Кармен де ла Крус подняла стекло и включила кондиционер.

– Ты кричи, если хочется.

Но Бьянка Лизарди никогда в жизни не кричала и не собиралась кричать сейчас.

– Твое дело рулить, вот и рули!

Пришить полуотрубленный большой палец Бьянки Лизарди стоило один миллион боливаров. Счет оплатил Хенрик Бранден, вручив солидный чек директору больницы, который сам был калекой с искусственным глазом. Палец навсегда утратил подвижность, но, по крайней мере, был на месте, и если не пытаться взять в руку больше двух тарелок, никто и не заметит, что этот палец едва не остался на полу операционной. Бьянку Лизарди оставили на ночь в больнице, и вместе с ней там осталась Кармен де ла Крус, потребовав от докторов, чтобы они ни в коем случае не говорили Бьянке, что она тут сидит и ждет, когда ее отпустят. Вместо Бьянки она поговорила со своим мужем, который пришел, чтобы подписать чек, и заметил ей, что, как ни странно, у Бьянки, кажется, на острове нет ни родных, ни друзей.

– Ничего странного, – ответила Кармен де ла Крус. – У Бьянки преувеличенные представления о любви. Это верный способ, чтобы остаться одинокой.

Клара Йоргенсен осталась на пляже с капитаном и Эрнстом Рейзером. На ее взгляд, их троица представляла собой плачевное зрелище: Эрнст Рейзер, подремывающий на неудобном пластиковом стуле; капитан, без остановки смоливший одну за другой сигарету, и она сама, вылакавшая полбутылки бурого бренди, не сказав за все время ни единого слова. Уильям Пенн посмотрел, как она сидит с остекленевшим взглядом, механическими движениями ломая пальцы. Казалось, еще немного, и она сойдет с ума.

– Клара? Может быть, тебе нехорошо?

Клара Йоргенсен медленно покачала головой, слезы вот-вот готовы были брызнуть у нее из глаз. Она попробовала встать, но тотчас же пошатнулась и ударилась боком о край стола. Капитан спокойно встал, потряс за плечо Эрнста Рейзера и сказал старику, что ему пора спать. Затем капитан взял Клару Йоргенсен за руку, и они вместе спустились к воде.

Она глядела на огоньки дома на пляже пустыми, как у куклы, глазами.

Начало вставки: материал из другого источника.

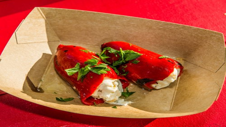 Салата от печени чушки и орехи върху краставица

Через минуту-другую она попросит капитана остановиться и подождать. Уильям Пенн достаточно выпил за свою жизнь, чтобы знать: иногда в этом состоянии даже небольшая прогулка пешком может оказаться делом непосильным. Клара Йоргенсен присела на корточки у кромки воды, ее дважды вырвало, после чего она разрыдалась. Уильям Пенн только обнял ее, не говоря ни слова, но в этот миг тишины он вдруг ощутил вину, словно нарушил данное себе слово и не выполнил какое-то давнее обязательство. Клара Йоргенсен даже не попыталась встать. В туфли ей набились камешки. Уличные фонари погасли, и только месяц отбрасывал на воду тусклый луч.

– Клара, тебе хочется домой? – спросил Уильям, обхватив ладонями ее лицо. – Ты больше не можешь?

Она прихватила краешек рукава и отерла соленые следы на лице.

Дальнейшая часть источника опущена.